### DATA:
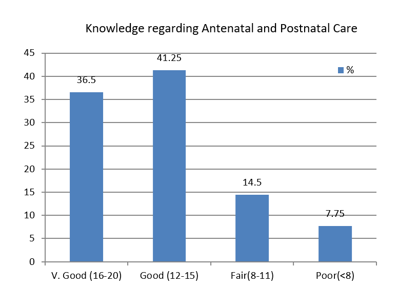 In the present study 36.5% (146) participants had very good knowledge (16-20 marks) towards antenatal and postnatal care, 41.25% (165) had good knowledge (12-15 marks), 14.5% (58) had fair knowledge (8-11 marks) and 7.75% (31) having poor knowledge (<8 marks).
==
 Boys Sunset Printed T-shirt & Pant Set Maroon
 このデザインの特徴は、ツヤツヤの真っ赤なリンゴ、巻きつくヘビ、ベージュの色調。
---
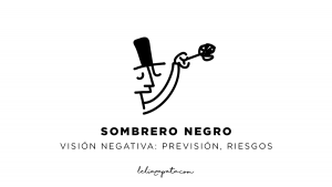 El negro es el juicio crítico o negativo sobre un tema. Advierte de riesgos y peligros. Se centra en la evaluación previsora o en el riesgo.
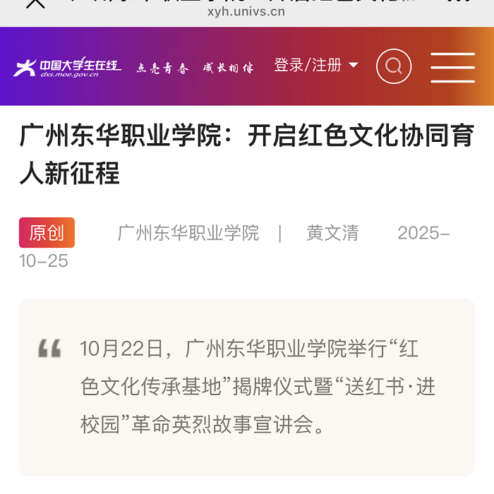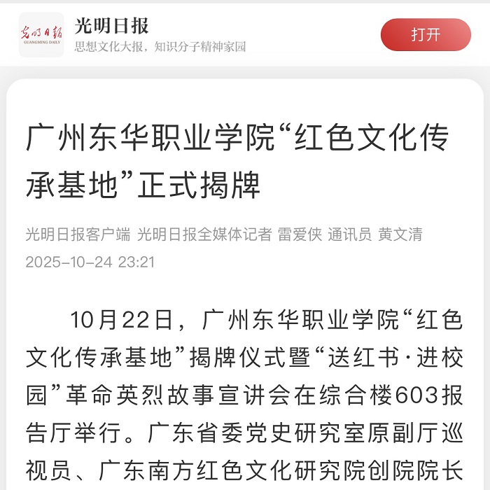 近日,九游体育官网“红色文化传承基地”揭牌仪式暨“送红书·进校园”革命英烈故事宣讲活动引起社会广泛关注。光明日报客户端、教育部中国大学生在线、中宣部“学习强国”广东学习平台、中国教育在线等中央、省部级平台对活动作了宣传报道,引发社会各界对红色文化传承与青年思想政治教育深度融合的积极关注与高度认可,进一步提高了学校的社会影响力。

### WHAT IS BEING ASKED:
Keep both end lines and retype everything in the records above from the line containing "Boys Sunset Printed" through the line containing "このデザインの特徴は、ツヤツヤの真っ赤なリンゴ、巻きつくヘビ、ベージュの色調。", exactly, with nothing else.

### SOLUTION TO THE PROBLEM:
 Boys Sunset Printed T-shirt & Pant Set Maroon
 このデザインの特徴は、ツヤツヤの真っ赤なリンゴ、巻きつくヘビ、ベージュの色調。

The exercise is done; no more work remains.